After collecting more beers to lubricate the tonsils, I tried to sing along whilst Ken played the guitar. Information technology was a really great session and we thought that Colin would exist green with green-eyed knowing he had missed information technology.

Ken's playing was well received just I'yard non certain about my singing as I did chugalug out the verses of "Whiskey in the Jar" at a fair volume although information technology was much more like "dinna lissen ye" rather than "sparse lizzy".

Another beer saw us to the end of the session and we went dorsum to the hostel well pleased with the evening. Adjacent solar day, Ken was amazed that nosotros had downed iv pints as nosotros are not really in serious preparation these days.

24-hour interval half-dozen - May 18th - Our terminal day

Bothy route
Ken heads for Loch na Sealga and the Shenevall bothy.


Sadly we had arrived at the end of our week in Scotland, apart from our return solar day.

The mild (ha ha!) weather of the previous twenty-four hours was replaced by the more than usual heavy clouds and threatening rain.

We decided on a long walk at low level across the shoulders of Canvas Liath and onwards to the shores of Loch na Sealga, about a 17km round trip. Although the rain held off, clouds were notwithstanding depression and views of the hills not existent.

 Even so, the walk was pleasant, a mixture of rocky track and boggy grass. Nosotros did accept a wee debate nigh the distance covered and the position we had arrived at. Ken informed me that I shouldn't question the veracity of his GPS when solely basing my location estimates on instinct. Withal we didn't come to blows nigh information technology and the whole week was every bit usual marked by our non-combatative companionship.

Descending to the Bothy
Ken heads down to the isolated bothy of Shenavall

Around halfway on the outward leg, we met a young chap walking solo and discovered that he was doing the Greatcoat Wrath Trail, a trek of almost 200 miles from Fort William to Greatcoat Wrath on the top of the Scottish mainland.

After chatting for a few minutes we wished him well on his 3 week odyssy and continued on our fashion.

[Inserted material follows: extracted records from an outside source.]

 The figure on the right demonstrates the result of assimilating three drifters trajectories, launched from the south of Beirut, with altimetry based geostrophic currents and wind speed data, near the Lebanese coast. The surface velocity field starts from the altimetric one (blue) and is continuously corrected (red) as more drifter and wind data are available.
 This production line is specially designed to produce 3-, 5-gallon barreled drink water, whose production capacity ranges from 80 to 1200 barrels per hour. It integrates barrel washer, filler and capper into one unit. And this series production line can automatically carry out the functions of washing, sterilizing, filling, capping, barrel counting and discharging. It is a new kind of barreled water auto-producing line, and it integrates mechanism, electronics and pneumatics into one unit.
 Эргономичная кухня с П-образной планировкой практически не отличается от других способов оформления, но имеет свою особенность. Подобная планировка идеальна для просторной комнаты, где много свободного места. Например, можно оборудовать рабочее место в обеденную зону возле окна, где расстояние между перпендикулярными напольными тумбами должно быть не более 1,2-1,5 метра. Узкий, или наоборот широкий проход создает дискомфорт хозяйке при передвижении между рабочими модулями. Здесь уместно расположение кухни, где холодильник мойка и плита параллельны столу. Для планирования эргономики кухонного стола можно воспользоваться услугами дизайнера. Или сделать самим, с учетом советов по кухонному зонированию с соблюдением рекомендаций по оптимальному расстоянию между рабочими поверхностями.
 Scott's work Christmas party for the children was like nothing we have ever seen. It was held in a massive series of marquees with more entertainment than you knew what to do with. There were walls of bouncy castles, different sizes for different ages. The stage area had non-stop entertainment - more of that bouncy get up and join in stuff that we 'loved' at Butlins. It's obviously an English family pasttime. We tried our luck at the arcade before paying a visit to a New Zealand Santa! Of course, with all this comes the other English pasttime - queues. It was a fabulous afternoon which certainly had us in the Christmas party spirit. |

We left the moor via a rocky gully that lead down to a plain bordering the Loch and here the trail seemed to peter out.

Bothy entrance
The bothy is very remotely located simply convenient for those crossing the moors on the long distance Cape wrath trail.

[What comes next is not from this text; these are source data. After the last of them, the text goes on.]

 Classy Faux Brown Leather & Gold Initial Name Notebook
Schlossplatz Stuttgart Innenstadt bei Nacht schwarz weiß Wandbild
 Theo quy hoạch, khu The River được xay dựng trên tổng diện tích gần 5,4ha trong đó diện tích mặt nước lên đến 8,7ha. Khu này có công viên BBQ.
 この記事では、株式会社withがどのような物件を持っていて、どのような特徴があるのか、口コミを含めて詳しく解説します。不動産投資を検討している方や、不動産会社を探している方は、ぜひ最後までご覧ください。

We spotted a cottage beneath and descended to it. This proved to be the bothy of Shenavall  so nosotros decided to finish in that location and after a brief look inside moved outside to the shelter of the bothy wall, made a brew and ate the sandwiches nosotros had prepared at breakfast.

Red Deer 2
These deer seemed unafraid so may not have experienced the shooting season.

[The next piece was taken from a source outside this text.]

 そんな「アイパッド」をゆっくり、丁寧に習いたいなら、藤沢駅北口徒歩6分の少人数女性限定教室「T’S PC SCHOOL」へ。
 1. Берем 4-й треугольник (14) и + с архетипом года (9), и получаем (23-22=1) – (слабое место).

A few Ruddy Deer were grazing near the bothy but they seemed unperturbed by our presence.

Luckily the pelting held off and we returned to Dundonnell even so dry.

Almost at the road we met a heavily loaded Scottish guy who proceeded to explain that he was looking for his mates who were hoping to apply the bothy. Although his brogue was inexplicable to Ken I managed to fathom out that he was bringing a tent in case the bothy was full. I told him that we had only seen a 3 or 4 people so he should be sleeping in doors tonight. We arrived dorsum at the car park at v:00pm and drove back to the Hostel to melt our dinner.

Mean solar day seven - May 19th - Going home

After a nourishing breakfast, we packed the auto and said cheerio to Dave, telling him that we had really enjoyed his and Lynda's hospitality.

The day was dreary but we had a pleasant drive back to Inverness where nosotros topped up on petrol. Heading around the Cairngorm and passing Aviemore we stopped once again at Pitlochry for java and scones before continuing on to the motorway junctions outside Glasgow. Hither we passed a particularly splendid piece of public fine art  at the side of the thruway.

We had no more adventures and crossed the Lake District without incident, finally arriving back in Liverpool at 6:00 pm. Ken'due south wife Jen had prepared a slap-up dinner for us and they had kindly agreed to put me up overnight.

The adjacent day I left early at 5:50 am, heading back down south and arrived home at xi:30 am. Checking my mileage on the car saw that I had covered 1630 miles on the trip. As usual it was a great calendar week if unfortunaltely far likewise short.